University of Southern California Keck School of Medicine, Norris Comprehensive Cancer Center, Los Angeles, California 90033, USA.
Curr Opin Urol. 2013 Jul;23(4):366-71. doi: 10.1097/MOU.0b013e328361d467.
Although most men are diagnosed with readily curable localized prostate cancer, those with high-risk features face a significant mortality risk. Androgen deprivation therapy (ADT) is a standard adjunct to radiotherapy for high-risk prostate cancer, but its role around prostatectomy has not been as clearly defined, and concerns over cardiovascular toxicity have led to decreasing use. The use of chemotherapy for localized disease remains experimental. We review the most recently published trials of neoadjuvant or adjuvant systemic therapy for prostate cancer.

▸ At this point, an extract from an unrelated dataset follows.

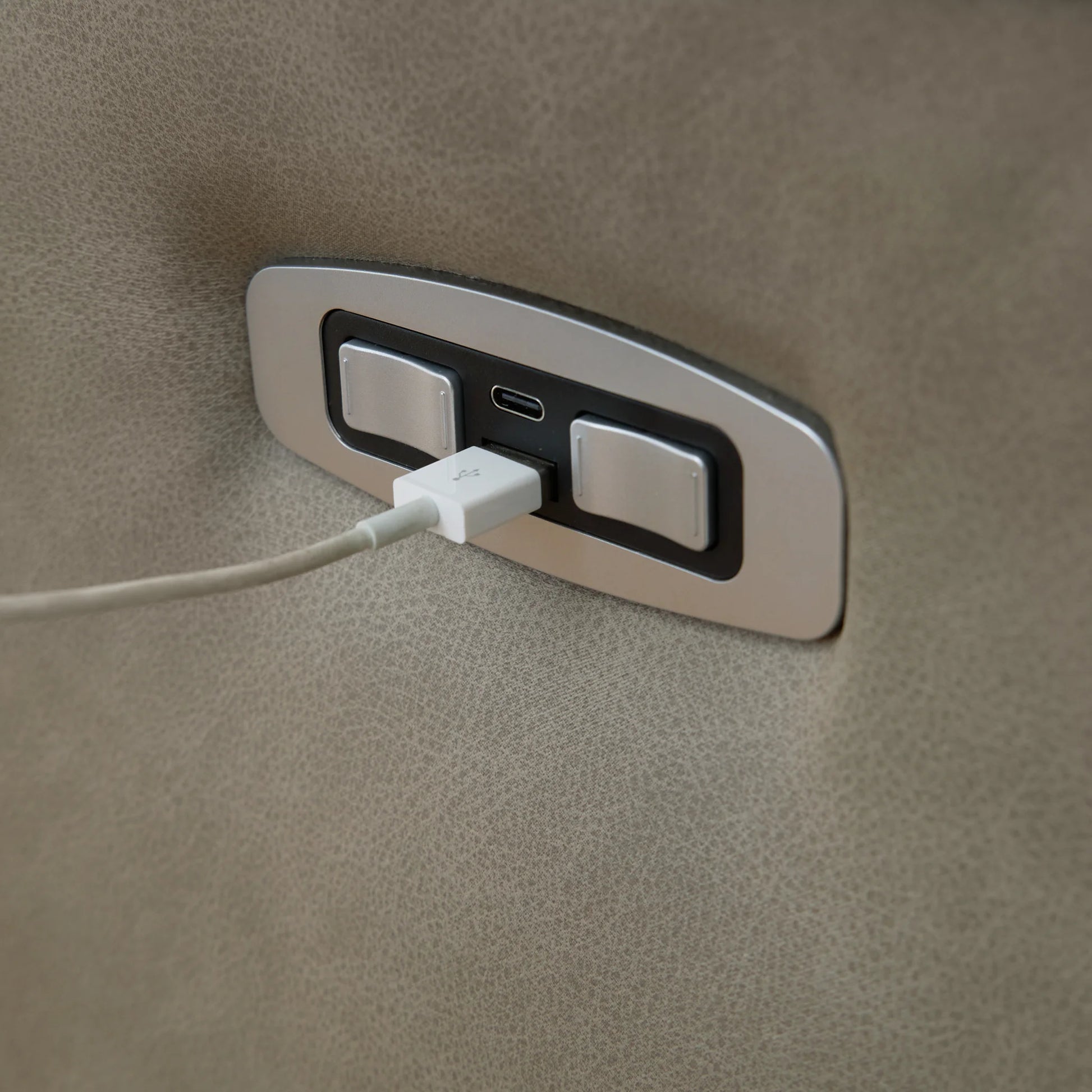 Experience ultimate comfort with this power reclining sectional. Generously cushioned with plush bustle back styling and pillow top track arms, it's wrapped in a richly neutral upholstery that’s oh-so soft. Jumbo stitching gives the sectional added definition. The one-touch power control and USB charging take the pleasure of reclining to a higher level, while a console with storage and dual cup holders marries function with great form.

The optimal duration of ADT with higher dose modern radiation techniques is under active investigation, but current data support the use of longer duration as standard. Prostate-specific antigen (PSA) and MRI changes may be useful in future studies optimizing duration of neoadjuvant ADT. Two years of combined ADT after prostatectomy is associated with a lower risk of disease recurrence and better prostate cancer specific mortality than predicted. Persistence of intraprostatic androgens during neoadjuvant ADT may contribute to resistance.
Androgen deprivation added to definitive radiation or surgery improves outcomes for high-risk prostate cancer, although the role of chemotherapy remains undefined. Molecular classification is needed to improve risk stratification.
尽管大多数男性被诊断为可治愈的局限性前列腺癌,但那些具有高危特征的患者面临着显著的死亡风险。雄激素剥夺疗法(ADT)是高危前列腺癌放射治疗的标准辅助手段,但 ADT 在前列腺切除术周围的作用尚未明确界定,而且对心血管毒性的担忧导致其使用减少。化疗在局限性疾病中的应用仍处于试验阶段。我们回顾了最近发表的关于前列腺癌新辅助或辅助全身治疗的试验。
高剂量现代放射技术下 ADT 的最佳持续时间正在积极研究中,但目前的数据支持将更长的持续时间作为标准。前列腺特异性抗原(PSA)和 MRI 变化可能在未来研究中有助于优化新辅助 ADT 的持续时间。前列腺切除术联合 ADT 2 年与疾病复发风险降低和前列腺癌特异性死亡率降低相关,优于预测。在新辅助 ADT 期间,前列腺内雄激素的持续存在可能导致耐药性。
雄激素剥夺治疗联合确定性放疗或手术可改善高危前列腺癌的预后,尽管化疗的作用仍未确定。需要进行分子分类以改善风险分层。